К причалу

Александра
100
10
(1 голос)
0 0

Аннотация: «К причалу» — роман, построенный на автобиографической основе, на лично выстраданном и пережитом.

Книга добавлена:
21-02-2023, 12:52
0
240
108
К причалу
Содержание

Читать книгу "К причалу"



* * *

У меня ничего не изменилось. Только теперь уже по-настоящему пришла весна, и было тепло, и на деревьях появились маленькие листочки, и лужайки в Люксембургском саду ярко зазеленели. И забурлил по-весеннему Латинский квартал. Близились экзамены. Дни мои были трудные, напряженные. Но, когда они кончались, я сразу же про них забывала, будто их и не было вовсе. Одни вечера: нарядный бульвар Сен-Мишель — наш студенческий Бульмиш, «Кафе де ля Сорбонн», где меня ожидали мои друзья Рене и Жозефин, Франсуаз и Луи и неизменный Жано. Мы пили кофе и ели теплые промасленные круасаны, потом шли в Люксембургский сад или бродили по Бульмишу до площади Обсерватории и обратно до площади Сен-Мишель; или переходили мост и шли на набережную Сены, за собором Нотр-Дам. Потом наши аристократы Луи и Франсуаз, подчиняясь домашнему распорядку — быть дома к определенному часу — отправлялись в свой фешенебельный район Этуаль, где жили оба, а мы вчетвером отправлялись чаще всего в библиотеку Сент-Женевьев, где у Жано всегда находилось какое-нибудь неотложное дело: то статью написать в студенческую газету, то листовку составить или приготовить доклад.

А мы с Рене и Жозефин набирали кучу разной литературы и просто читали. В эти вечерние часы Сент-Женевьев казалась мне удивительно уютной и приветливой в отличие от тех дней, когда я мучилась здесь над проклятыми формулами.

Я читала историю архитектуры Парижа, и последний роман Дюамеля, и стихи Вийона, и Верлена. В эти вечерние часы стены Сент-Женевьев исчезали для меня и вновь возвращались, только когда, скользнув тихо по столу, подскакивала ко мне записка Жано: «Кончай свой омлет!» И тогда мы выходили на угрюмую площадь Пантеон, немножко осоловелые. Первые несколько минут шли молча, всё равно куда. Вечера были теплые, и мы просто бродили по милым сердцу улочкам Латинского квартала.

Мы поднимались по крутой улице Кардинала Лемуана, шли до площади Контрэскарп, круглой, с развесистыми деревьями, очаровательной и несуразной, где старинные облупленные дома с резными деревянными ставнями стоят как попало, одни выдвигаются вперед, другие отступают назад.

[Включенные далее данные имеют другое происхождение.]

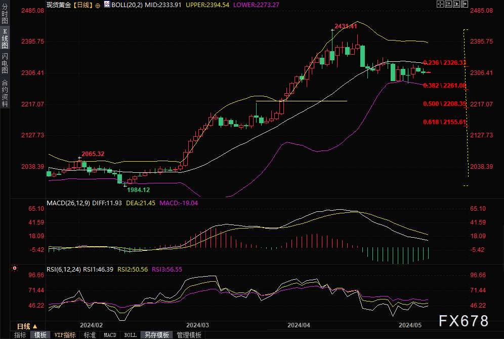 Valencia表示,如果买家希望继续挑战历史高点,那么他们需要攻克4月26日的高点,即最新周期高点2352美元/盎司。一旦突破这一水平,金价将瞄准2400美元/盎司关口,随后是4月19日高点2417美元/盎司和历史高点2431美元/盎司。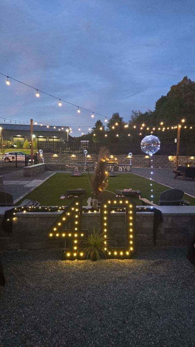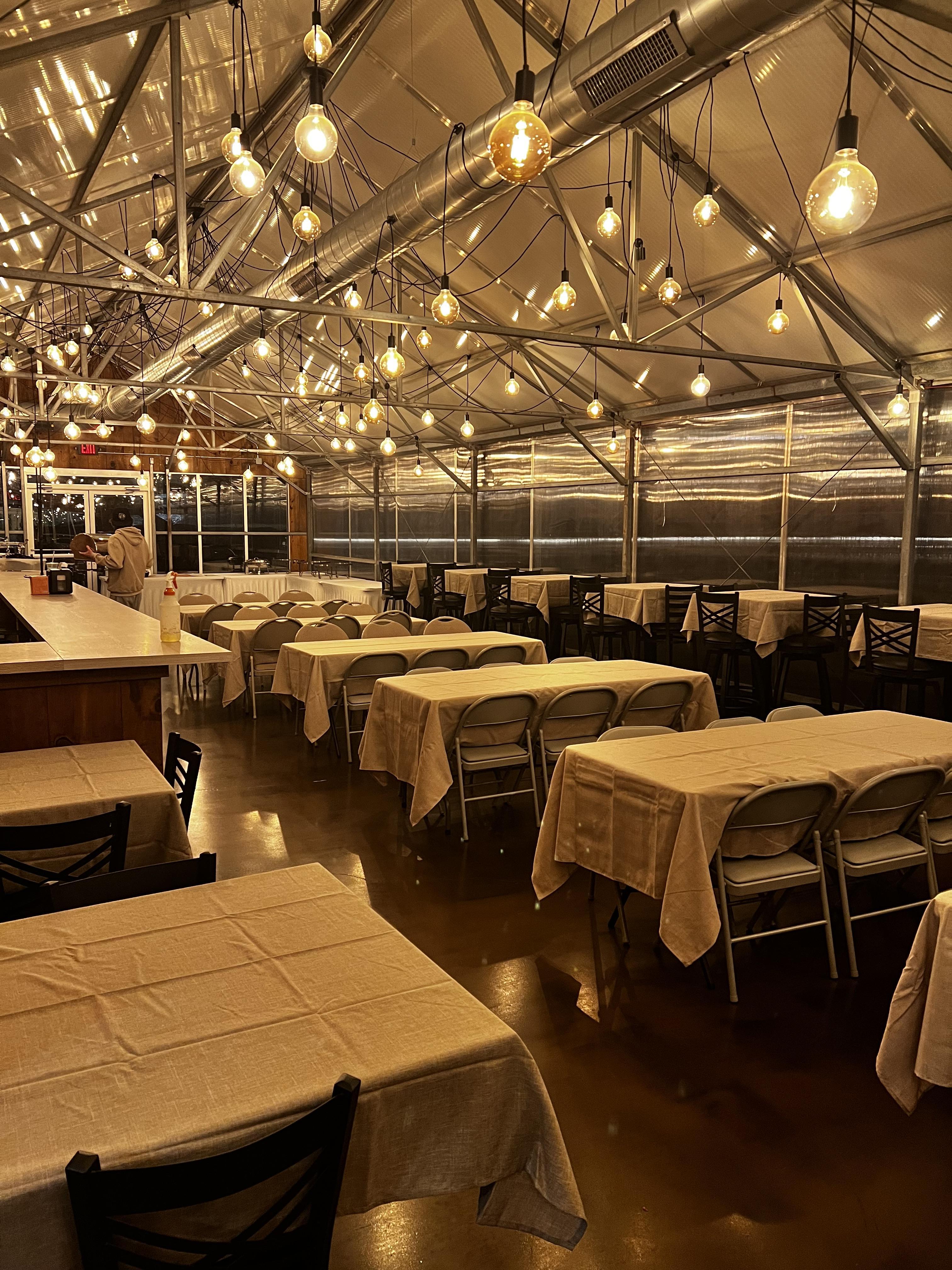 This space features 1000 sq ft of space with a long bar, ample natural light during the day along with 114 hanging bulbs to create a magical ambiance at night. Just outside the doors enjoy an amazing hardscaped area with a huge gas firepit, gazebo and area for a ceremony, outdoor dining space or some backyard games.

Потом сворачивали на улицу Муфтар, узкую и темную, в эти часы совсем пустынную. Днем здесь не протолкнуться, потому что лотки с грудами рыбы, птицы, овощей и фруктов выезжают почти на середину мостовой, и лоточники орут, зазывая покупательниц, и каждый старается перекричать соседа, потому что покупательниц на всех лоточников не хватает: денег ведь у муфтарских хозяек только-только, от получки до получки.

Гул над улицей Муфтар не смолкает до конца дня. В воздухе носится вонь от рыбы, угар от картошки, которая жарится тут же на улице в огромных жаровнях. Кулечек картошки за пятьдесят сантимов и бутылка дешевого красного пинара — обед муфтарского труженика.

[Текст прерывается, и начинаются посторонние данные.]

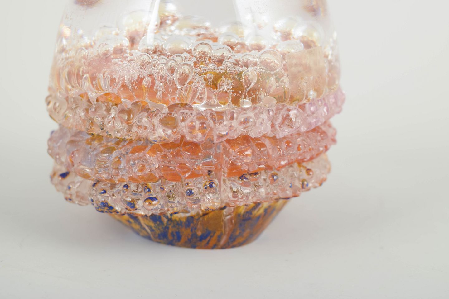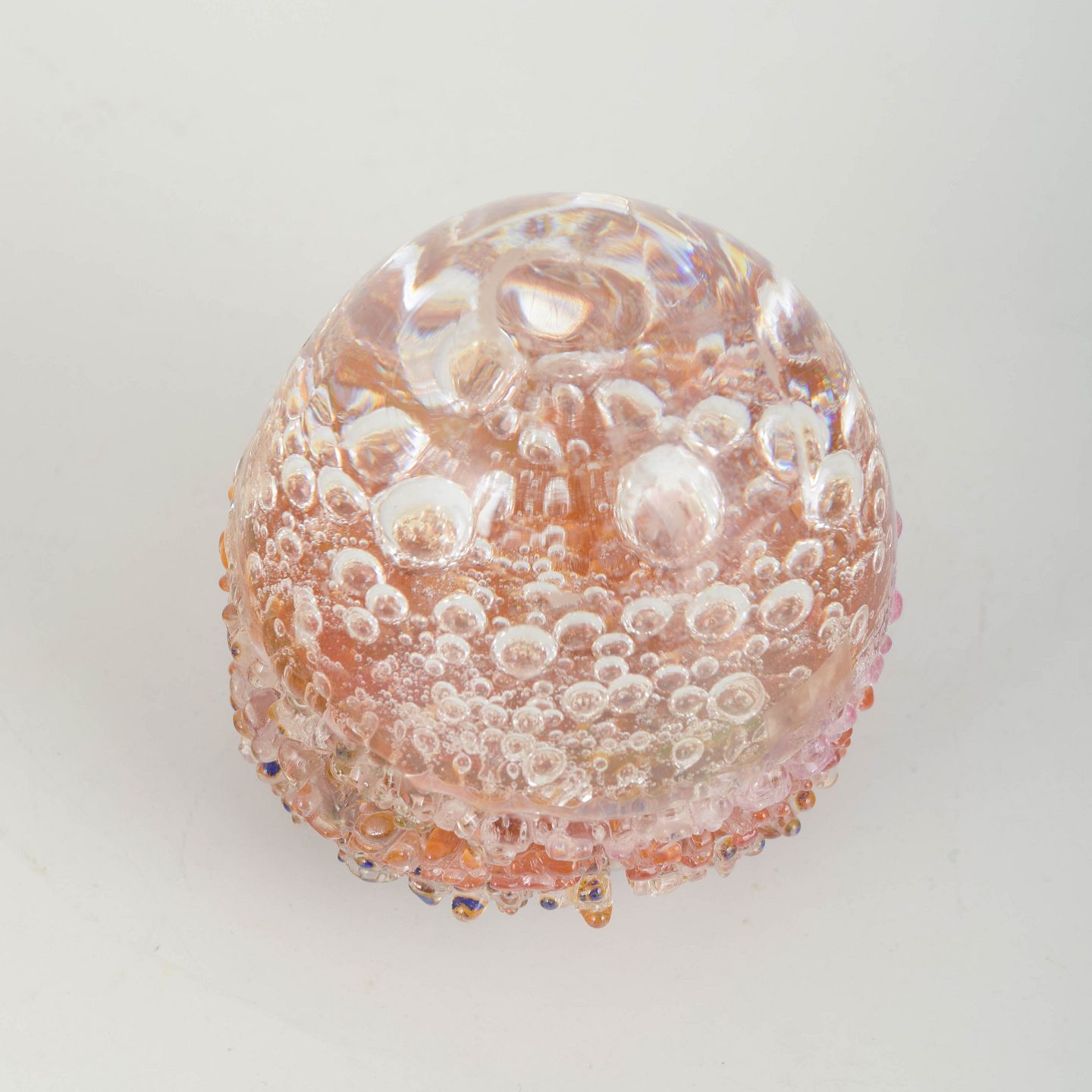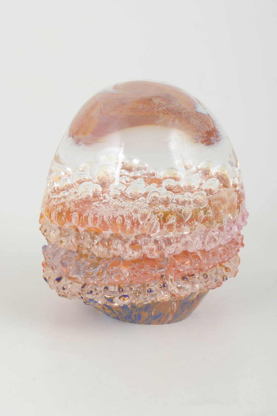 Organically shaped art glass object with encapsulated air bubbles and layered colour tones in pink, amber and clear hues.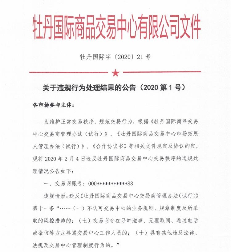 關于違規(guī)行為處理結果的公告(2020第1號)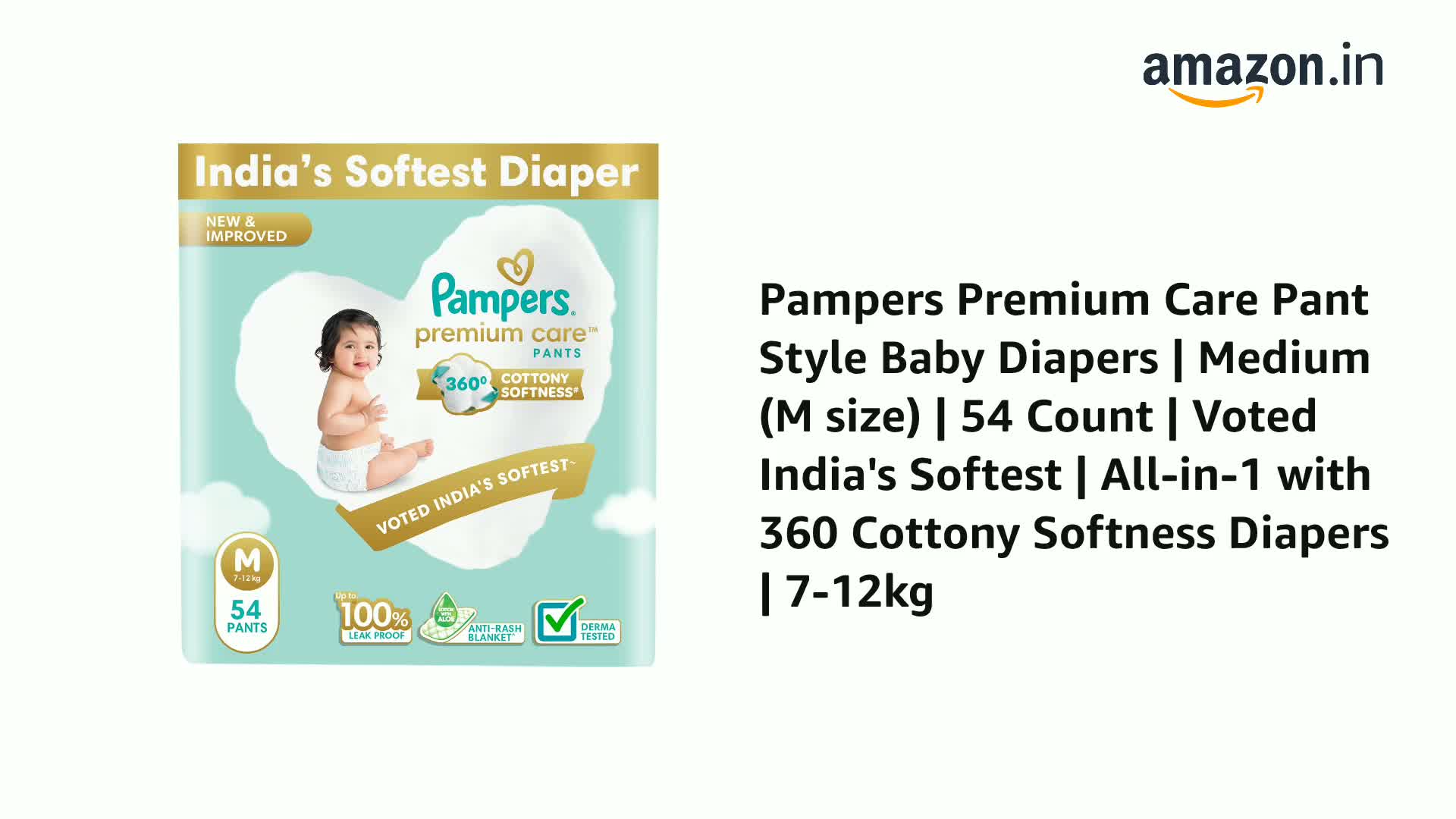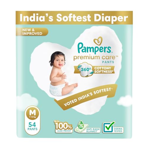 Pampers Premium Care Pant Style Baby Diapers | Medium (M size) | 54 Count | Voted India's Softest | All-in-1 with 360 Cottony Softness Diapers | 7-12kg
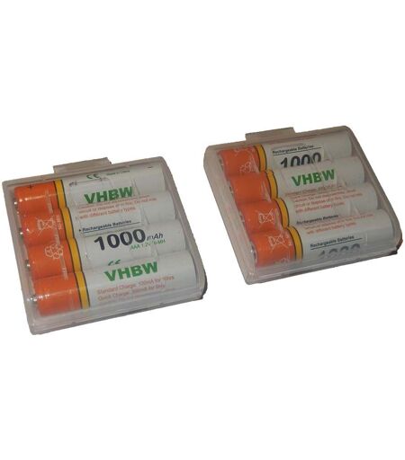 vhbw 8x Batterie AAA micro compatible avec Angelcare AC423D, AC701 moniteur bébé, babyphone (1000mAh, 1,2V, NiMH)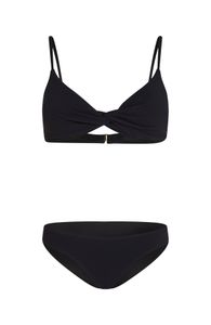 "The Malibu Matira bikini set from O'Neill is the perfect choice for anyone who wants to start the swimming season in style and comfort. This set impresses with its timeless bralette shape, which is complemented by a subtly wrapped front section, adding a touch of elegance and sophistication. The cheeky cut bottom with a low waistband creates a modern look, while the top offers medium support and moderate coverage."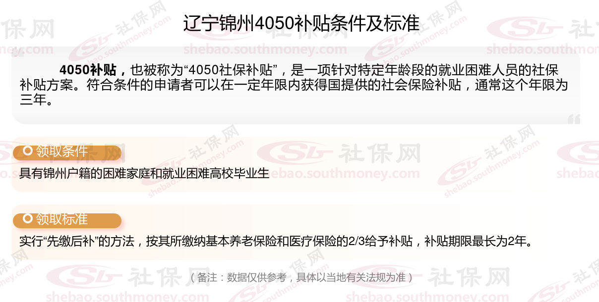 2024辽宁锦州4050补贴主要针对的是年龄在40岁以上的女性和50岁以上的男性,这些人群通常因为年龄较大而面临就业困难。
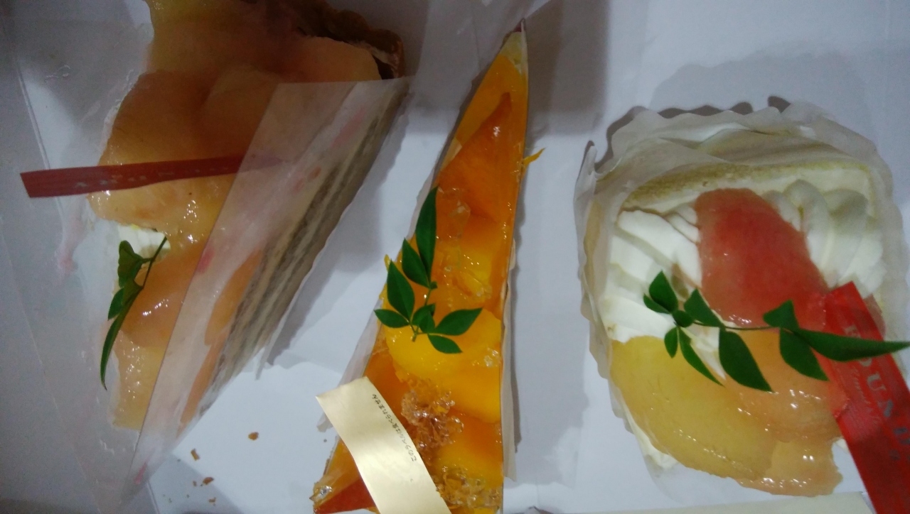 こちらは季節ごとにフルーツが変わるので、それを楽しみにちょくちょく購入するケーキ屋さんです。最近今年になり、新宿や銀座にもお店ができて、よりちょくちょく買い物しやすくなりました。焼き菓子購入の列と生ケーキ購入の列は分かれています。宮崎産のマンゴーののったタルト。中にブルーベリーのジャムがはいっていました。お値段が1カット1000円程度とちょっとお高めですが、おいしかったです。桃のショートケーキ、桃のタルトもおいしかった。桃タルトは紅茶のムースとスポンジでさっぱりたべれました。

Улица Муфтар со своими тружениками, своими проститутками, своими пьяницами, что глушат пьянством нищету, замурзанными малышами, копающимися с утра до ночи на улице, в грязи и смраде, с вечно мокрыми носами, — дети нищеты, собравшейся сюда со всех концов света.

Мы шли посередине мощенной неровным булыжником мостовой, мимо закрытой лавочки угольщика, — днем он торгует еще дешевым пинаром и щепками. В свете фонаря тускло поблескивала лошадиная голова над закрытым входом в мясную лавку, где днем продается конина. Ее витрина с желто-красной тушей была освещена.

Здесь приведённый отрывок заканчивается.